Expand elastic tabs

5

1

Background

The tabs versus spaces war in programming has been going on a long time, basically because spaces are too low-level to have all the properties you'd want for alignment and indentation, but tabs can't be relied upon to work in all contexts (with some programs optimizing the use of tabs for indentation whilst making them unusable for tabulation, some optimizing the use of tabs for tabulation whilst making them mostly unusable for indentation, and pretty much all programs unable to reasonably use tabs for alignment).

A proposed solution was that of elastic tabstops; basically a method of dynamically adapting the meaning of a tab character so that it would be usable for indentation, tabulation, and alignment. The idea is that a tab in one line tabs to the same place as the corresponding tabs in neighbouring lines (if any exist), stretching if necessary to make the columns line up. Unfortunately, very few programs support them by default, meaning that they aren't widely used. (If only the "elastic tab" character were in Unicode!) In this task, we're bringing elastic tabstops to the world of codegolf.

The task

Brief description

Replace tabs with a minimal number of spaces, in such a way that for each n, the rightmost end of the nth tab on any given line is the same as the rightmost end of the nth tab on the neighbouring lines (assuming those tabs exist), and such that tabs tab to positions at least two spaces apart.

Precise description

Write a program or function whose input and output are multiline strings (you may take these as lists of single-line strings if you prefer). The input and output should be identical, except that each tab character (ASCII/Unicode 9) must be replaced with one or more spaces, subject to the following conditions:

  • Create a list of numbers corresponding to each line of output (its tabstops); specifically, for each tab character that was expanded on that line, take the column number of the last space that was expanded from that tab (here, "column number" = the number of characters on that line up to and including that character). So for example, if you expanded a␉b␉c to a b c, the list would be [4,7]. The lists must have the following properties:
    • For each pair of consecutive lines, one of those lines' tabstops list must be a prefix of the other's (a list is a prefix of itself, e.g. [4,7] and [4,7] is OK, as are [4,7,9] and [4,7], as are [4] and [4,7], but [4,5] and [4,7] would not be allowed).
    • For each number in each list, it must be greater by at least 2 than the number to its left (if it's the first element, treat the hypothetical "zeroth element" to its left as having a value of 0). (We're using a value of 2 for the purposes of this challenge because it gives good results for tabulation and alignment and decent results for indentation. Sorry, 4-space or 8-space indentation fans.)
  • The answer produced must be as short as possible while complying with the above restriction.

Example

Input

represents a literal tab character, because literal tabs don't show up well on Stack Exchange.
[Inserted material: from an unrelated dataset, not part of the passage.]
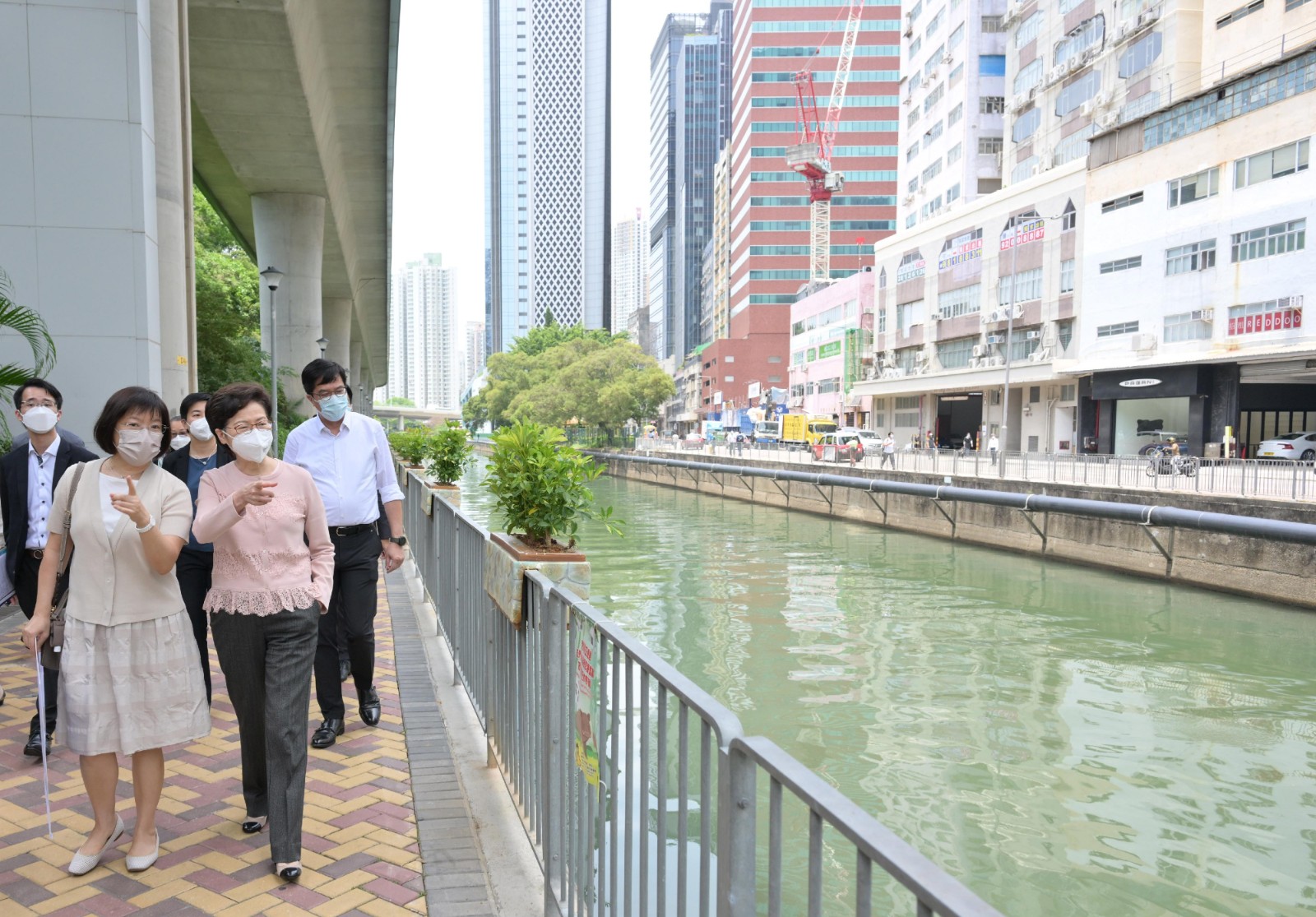 林鄭其後參觀涌尾明渠及毗鄰公共空間,聽取區潔英介紹明渠活化項目和兩項「地方營造」項目計劃,即重塑大王爺廟毗鄰公共空間,包括重鋪地面和提供長椅及壁畫,以成為居民日常休憩和社交聚腳點,以及建設「黃竹坑綠色連線」,通過具吸引力的休憩處和便捷的行人設施,連接港鐵黃竹坑站和香港仔郊野公園。她欣悉有關項目將為市區注入新活力,亦善用並突顯本港繁華鬧市與恬靜郊野僅咫尺之遙的獨特風貌。

// Elastic tabs handle indentation...
{
␉foo;
␉{
␉␉bar;
␉}
}
// alignment...
int␉foo␉(int),
␉bar␉(void),
␉baz;
float␉quux␉(float),
␉garply;
// tabulation...
␉1␉2␉3␉4
1␉1␉2␉3␉4
2␉2␉4␉6␉8
3␉3␉6␉9␉12
4␉4␉8␉12␉16
// and all three at once.
while True:
␉numbers␉=␉one␉and␉two
␉␉and␉three␉or␉four

Output

I've added extra information to the right of this output to show the tabstops on each line. Those aren't part of the expected output, they're just there to help explain what's going on.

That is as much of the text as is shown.